Resenha do livro "Estrutura
e constituição da clínica psicanalítica – uma arqueologia das práticas de cura,
psicoterapia e tratamento". De Christian
Ingo Lenz Dunker - São
Paulo, AnnaBlume, 2011. 658 pags.
Certa vez, durante um congresso do campo lacaniano,
Antonio Quinet alcunhou Christian Dunker como um epistemólogo da Psicanálise, fazendo uma referência elogiosa aos
esforços constantes que este autor empreende no sentido de ampliar as
significações acerca dos conceitos psicanalíticos que, quando tomados
apressadamente e de forma superficial, podem levar a equívocos ou limitações. O
elogio parece justo, pois com isso, Dunker promove um salutar exercício de problematização
e crítica inteligente, desta vez tornando público um trabalho de fôlego, denso
e vital para a cena psicanalítica brasileira.

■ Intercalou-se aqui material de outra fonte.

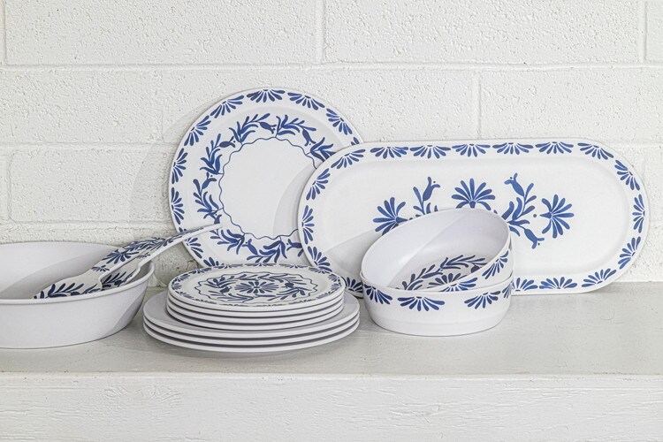 ホワイトベースにブルーのプラントデザインが特徴のメラミン食器です。青磁をイメージしたヨーロッパスタンダードデザインです
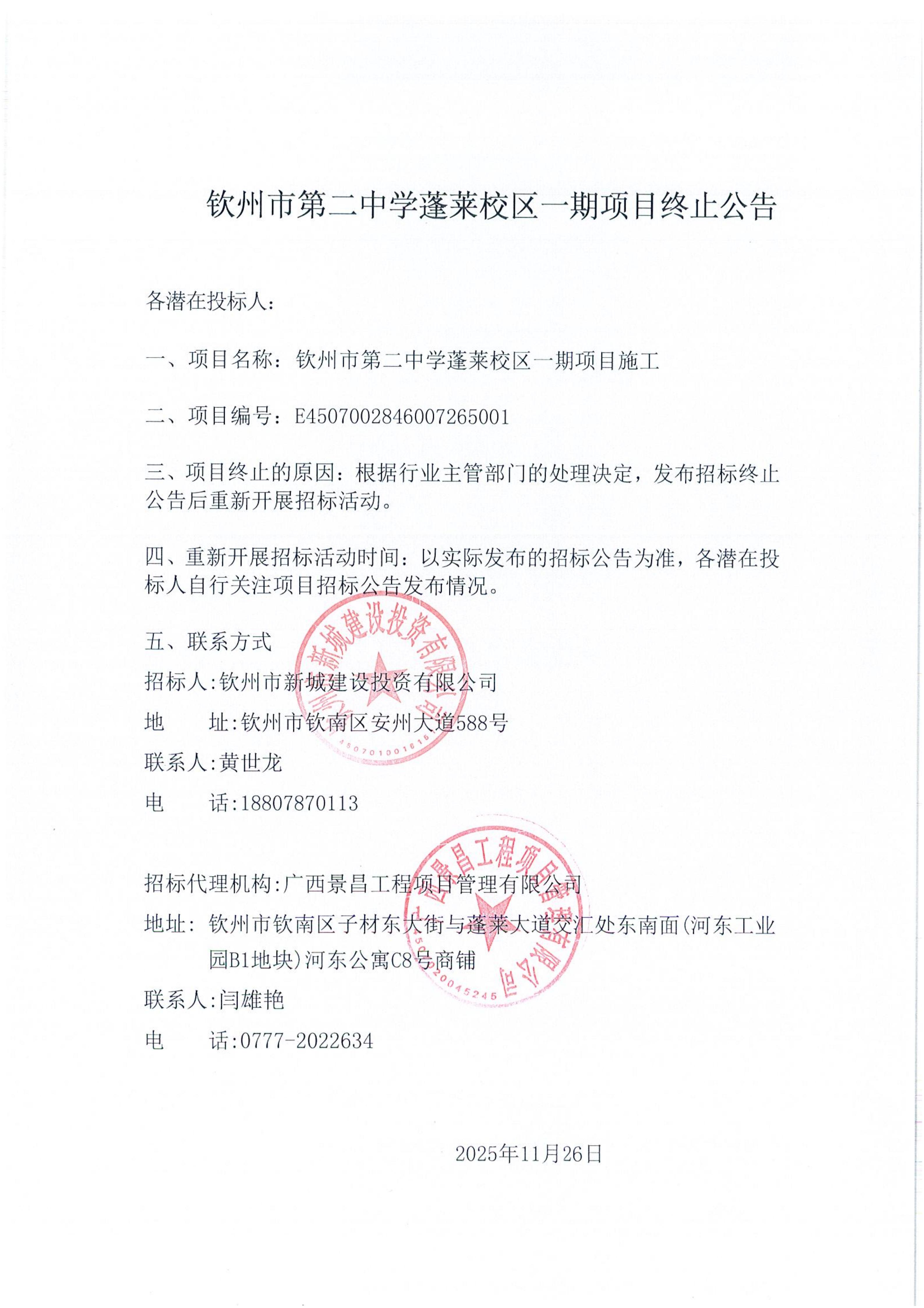 欽州市第二中學(xué)蓬萊校區(qū)一期項(xiàng)目終止公告

Densidade que, vale dizer, não se limita apenas ao
fato de que seu Estrutura e constituição
da clínica psicanalítica – uma arqueologia das práticas de cura, psicoterapia e
tratamento chegue a mais de seiscentas páginas, fato relativamente raro na
bibliografia psicanalítica, mas que surge sim pela própria disposição do autor
em empreender uma jornada rumo a uma dimensão pouco explorada, que diz respeito
aos meandros do que Freud chamou de um tratamento pela palavra, uma prática
clínica que tocasse o anímico, que promovesse mudanças estruturais para além do
bem estar do paciente. Esse aspecto ético, que atravessou o percurso de Freud
na invenção da Psicanálise, impulsionando-o inclusive a se afastar de uma
Medicina mais curativa, foi bem retratado por Lacan e principalmente por
Foucault, autores nos quais Dunker se apóia para conceber a espinha dorsal
desse trabalho.
Tanto Lacan, com sua ousada re-leitura da obra
freudiana, bem como Foucault, com sua ferramenta conceitual representada pela
arqueologia do saber, demonstraram cada qual a seu modo, as possíveis origens
dos que precederam a Psicanálise, desde os xamãs, feiticeiros, curandeiros,
médicos e especialistas de toda ordem, alvos de variados tipos de demandas que
os homens a eles endereçaram, por vários séculos. Em suas obras, também
passaram em revista o que poderia haver nessas relações específicas que, por
meio ou não da sugestão, acabavam por operar mudanças, milagres, curas e afins.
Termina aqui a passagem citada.